This is a classic systems-thinking failure: the assumption that good local decisions compose into a good global outcome, when in fact the system property that matters — in this case, architectural coherence — is emergent and is precisely the property the prompt-engineering discourse does not address. Donella Meadows formalized this distinction in Thinking in Systems: a system's behavior is determined by its structure, not by the quality of its individual components, and an obsession with component-level optimization while ignoring structural properties produces predictable failure modes [1]. The earlier essays on vendor and cloud lock-in described the same shape; the structural property at stake there was optionality. The property at stake here is specification leverage: how much of the team's intent is encoded in artifacts the model can read at every generation event. Specification leverage is preserved by the discipline of writing structure down once and injecting it into the context fabric everywhere. It is consumed by the discipline of writing structure down zero times and re-inferring it from prompt to prompt.

The historical analogy Edsger Dijkstra drew in 1972 still applies, if anything more sharply. The move from assembly language to high-level compilers, Dijkstra observed, shifted the programmer's task from instructing the machine in detail to specifying what operations to perform [2]. The current shift is one further turn of the same screw. The programmer's task is shifting from specifying the operations to specifying the constraints the operations must satisfy — and from manually verifying the produced operations to engineering the verification regime that does the checking. The work that compilers absorbed in the 1950s does not return; the work that generative models are absorbing now will not return either. The question is what work the engineer is doing instead.

One critical distinction separates compilers from generative models. Compilers are deterministic: input A always yields output B; the transformation is rigid and provable. Generative models are probabilistic: the model does not compile intent, it infers it from statistical likelihood; input A may yield output B, B', or C depending on the stochastic state, the retrieved context, the temperature, the model version, the time of day. The discipline that produced reliable compiled output was a discipline of correctness proofs and type systems. The discipline that produces reliable generated output is a discipline of specification and verification — a soft type system imposed externally, by the engineer, on a probabilistic generator.
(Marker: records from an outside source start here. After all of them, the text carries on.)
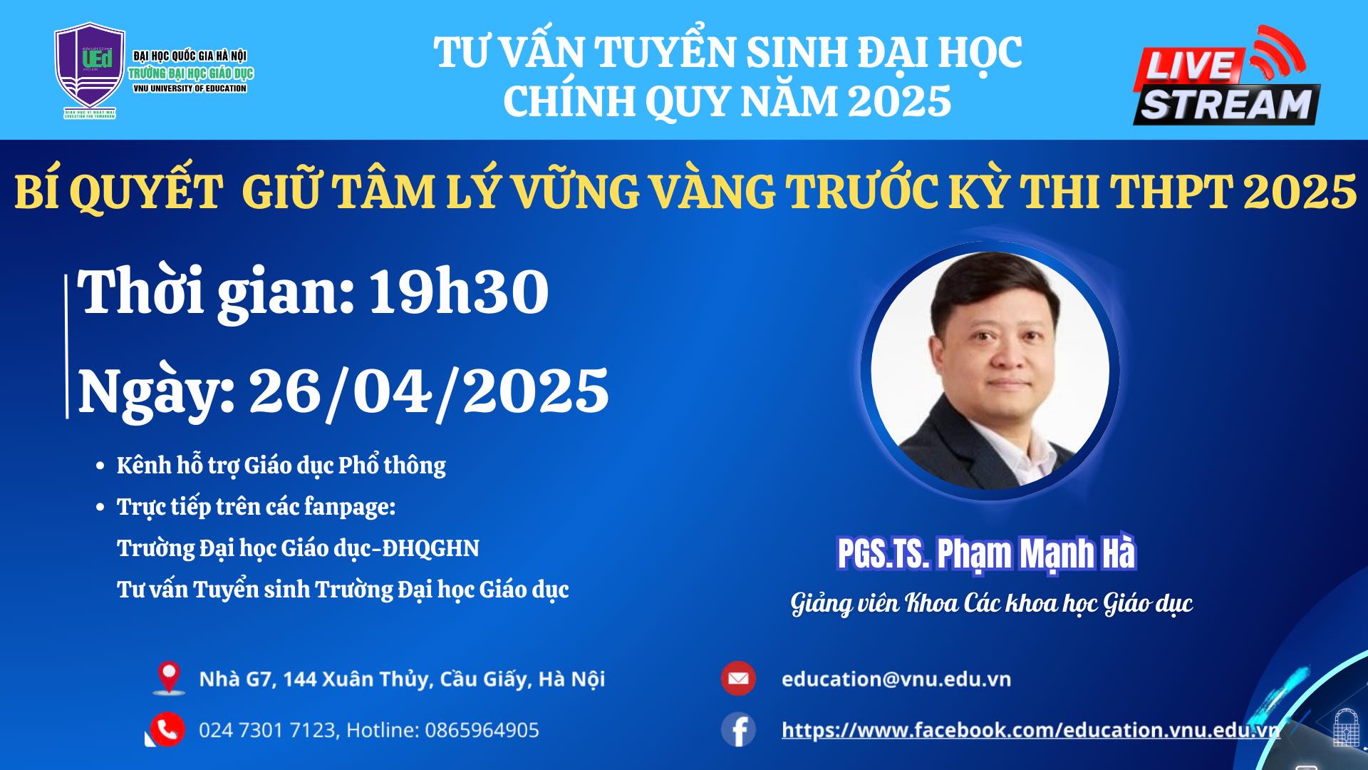 Livestream đặc biệt về tư vấn tâm lý, hướng tới mục tiêu đồng hành tinh thần với học sinh trong giai đoạn nhiều áp lực. Các chuyên gia tâm lý học đến từ Trường Đại học Giáo dục đã chia sẻ về những biểu hiện lo âu thường gặp, cách kiểm soát cảm xúc tiêu cực và phương pháp thư giãn trước ngày thi. Đặc biệt, chương trình còn nhận được sự tương tác tích cực từ phụ huynh, thể hiện sự quan tâm sâu sắc của toàn xã hội đối với sức khỏe tinh thần của học sinh.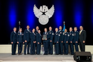 General Herbert J. “Hawk” Carlisle, Commander, Air CombatCommand, Langley Air Force Base, Virginia; and Lt. Gen. Maryanne Miller, Chiefof Air Force Reserve, Headquarters U.S. Air Force, Washington, D.C., andCommander, Air Force Reserve Command, Robins Air Force Base, Georgia, presentthe Air Force
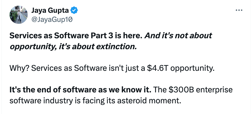→ Why does it matter? Foundation Capital has written a great series of blogs on “Service as Software” and AI Agents. Part 3 released this week explores how this opportunity impacts the enterprise software industry.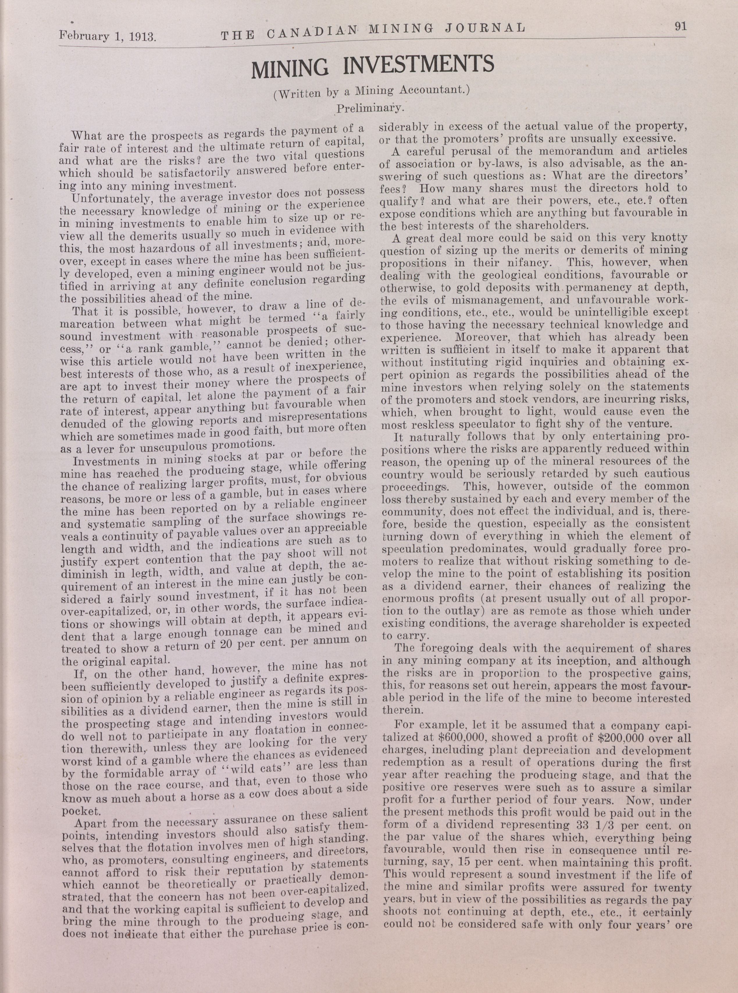 The Canadian Mining Journal : Vol. XXXIV, No. 3 (February 1, 1913)
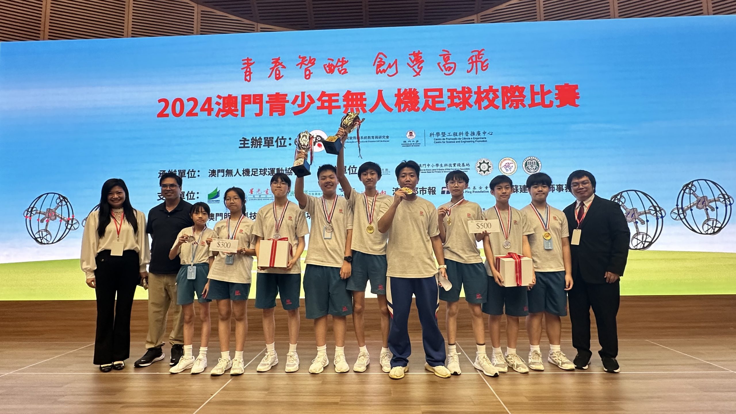 4月27日, 由澳門無人機駕駛飛機系統教育與研究會、澳門大學科學暨工程科普推廣中心主辦的“青春智酷 · 創夢高飛——二○二四澳門青少年無人機足球校際比賽”於澳門科學館舉行。
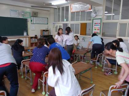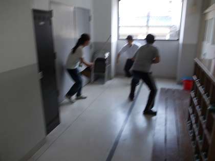 不審者が学校に侵入してきた想定で、教職員で防犯研修会を行いました。

The architecturally correct frame, then, is not "better prompts." It is better context, designed jointly across all the surfaces from which the model retrieves it, with a verification regime calibrated for stochastic output. Most teams do not work this way. Most teams cannot, because the prompt-engineering framing surfaces neither the context fabric nor the verification regime — and the procurement decision to adopt an AI coding tool came with no architectural deliberation about either.

IV. Where Context Failure Cashes In: Three Patterns

The argument above is theoretical. The last few years have produced a sequence of concrete failure modes that make the same argument empirically. Three patterns are worth examining in detail, because each illustrates a different way context-poor generation fails in production, and because together they cover the surface where context architecture would have made the difference.

Hallucinated dependencies and slopsquatting. Large language models trained on a snapshot of public package registries occasionally produce code that imports packages that do not exist. The model synthesizes a plausible-sounding name from neighboring libraries, confident in its phrasing, with no mechanism to check whether the package is real. In early 2024, Bar Lanyado at Lasso Security noticed that AI models were repeatedly hallucinating a Python package called huggingface-cli. Lanyado uploaded an empty package under that name to PyPI as a research experiment to see what would happen. The package received more than 30,000 authentic downloads in three months. Alibaba had copy-pasted the hallucinated install command directly into the README of one of their public repositories [3].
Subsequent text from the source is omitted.